Context Free Grammars and the Tyranny of Node

May 22nd, 2016

While language and grammar are undoubtably linguistic constructs, they have very practical uses inside the realm of computer science. However, while looking for language and grammar parsing tools written for Node, I was disappointed to find no easy-to-use and suitably-flexible libraries. In response, I began development on Tyranny, a node module that allows for the description and parsing of arbitrary context-free grammars. Here is what it is, how it works, and what it does.

What is a language?

In order to understand grammar as it applies to Tyranny, it is helpful to first understand languages. For many, a language is a means for two people to convey ideas that carry across time and space. For programmers, a language is a code specification that can be used to describe procedures and algorithms. However, in computer science and mathematics, the idea of a language is far more abstract. In fact, a language is just a set of words, using a specific alphabet, that are considered “valid.”

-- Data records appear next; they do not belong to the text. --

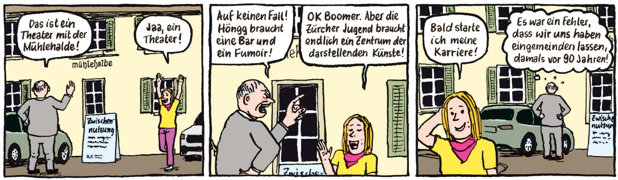 Zwei Comicstrips von Stefan Haller, die im «Höngger» erschienen sind, werden im Maison du Dessin de Presse in Morges gezeigt.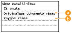 Funkcija <Rėmo panaikinimas> neprieinama naudojant <Skirtingo formato origin. dok.>, <2 ant 1>/<4 ant 1> arba <ID kortelės kopija>.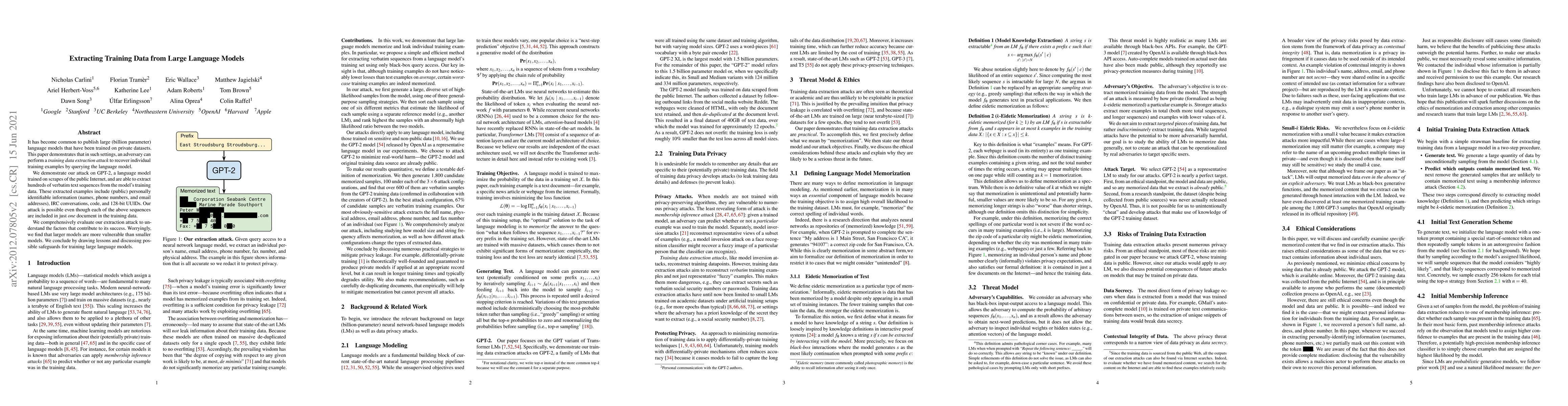 This paper reveals a training data extraction attack that can recover individual training examples from large language models by querying them, demonstrating this on GPT-2 to extract sensitive information including personally identifiable data. The study finds that larger models are more vulnerable, highlighting the need for improved safeguards.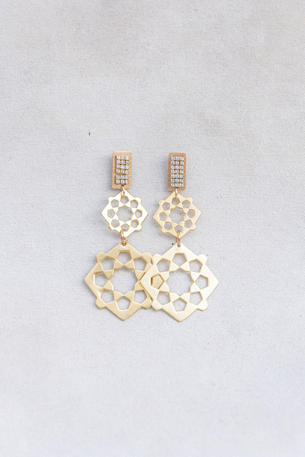 * These earrings are made from plated brass and will darken over time. We recommend storing earrings in their dust bag while not in use, and avoiding contact with water, perfume, hairspray, and other chemicals to avoid tarnishing.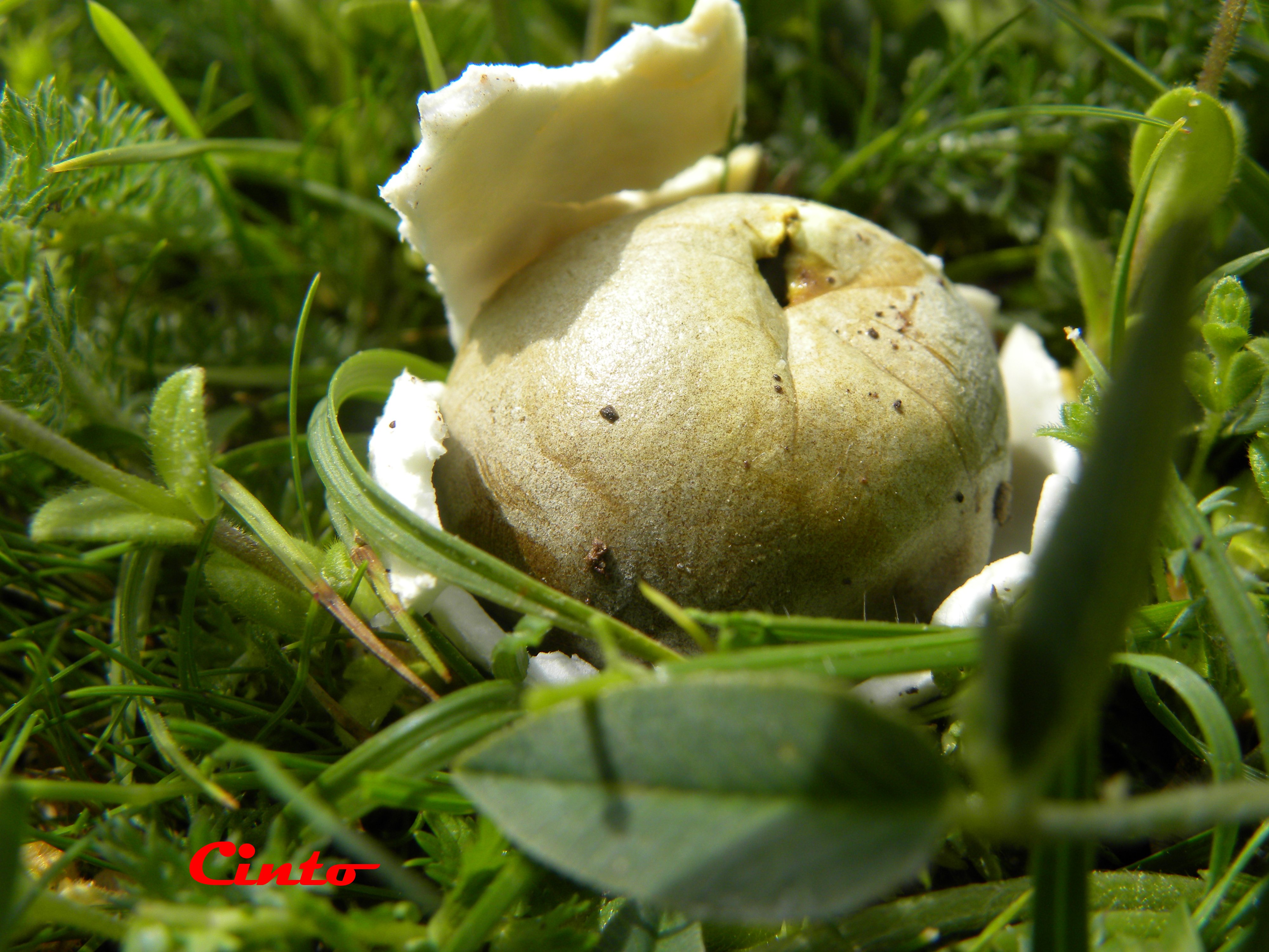 Especie encontrada en un prado, para mi se trata de un Geastrum triplex, especie carnosa, la tengo clasificada pero con una duda, es que la seta en las fotos se ve tierna, con los colores blanco y verde, en cambio en la descripción de G. triplex, la describen de colores parduzcos o rosaceos, no he visto fotos ni he leido que cuando es joven y tierna, sus colores sean blanco y verde, de ahi mis dudas.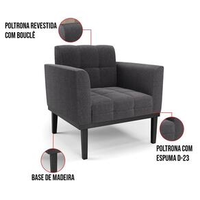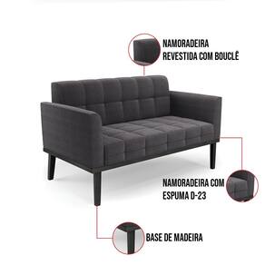 O Sofá Namoradeira e Poltrona Elisa é uma mobília que combina elegância, conforto e durabilidade. Ele tem um design retrô e sofisticado, com Base de Madeira Fixa Preto e revestimento em tecido Bouclê Grafite, que harmonizam com qualquer ambiente. Ele é ideal para sala de estar, recepções, escritórios, cozinhas ou qualquer outro espaço que você queira decorar com estilo e bom gosto. Ele tem uma estrutura em madeira de reflorestamento eucalipto, que garante a resistência e a sustentabilidade do produto. Ele suporta até 180 kg de peso, podendo ser utilizada por pessoas de diferentes biotipos. Ele tem um acabamento reforçado e espuma de qualidade D23, que oferece maciez e aconchego. Ele contém detalhes de costura no encosto e assento, resultando em um acabamento impecável, conferindo muito mais valor e elegância ao produto. O Sofá Namoradeira e Poltrona Elisa é um móvel de alta qualidade, beleza e funcionalidade. Ele é fácil de transportar, pois tem um peso leve e um tamanho compacto. O Sofá Namoradeira e Poltrona Elisa é um produto que vai fazer a diferença na sua decoração e no seu bem-estar. Ele vai trazer charme, conforto e durabilidade para o seu ambiente. Aproveite essa oferta e leve para casa um Sofá Namoradeira e Poltrona de qualidade por um preço incrível. Essa é a sua chance de ter um Sofá Namoradeira e Poltrona maravilhoso por um preço imperdível. Corra e garanta o seu antes que acabe o estoque!

An example of this, assuming that we are considering the language that includes only English words, would use an alphabet containing the characters A to Z and a language resembling L = {"A", "AARDVARK", "AARON", "ABDICATE", ...}. If a word w is an element of the set L, then it is in our language. Otherwise, it is not a member of the language. However, since we are ultimately just checking a boolean value for any w (is it contained in L), we can also think of the language as being described by a program M. If M(w) == true, then w is in L, otherwise if M(w) == false, then w is not in L. In this case, since M describes the language but is not itself the language, we say that M decides L.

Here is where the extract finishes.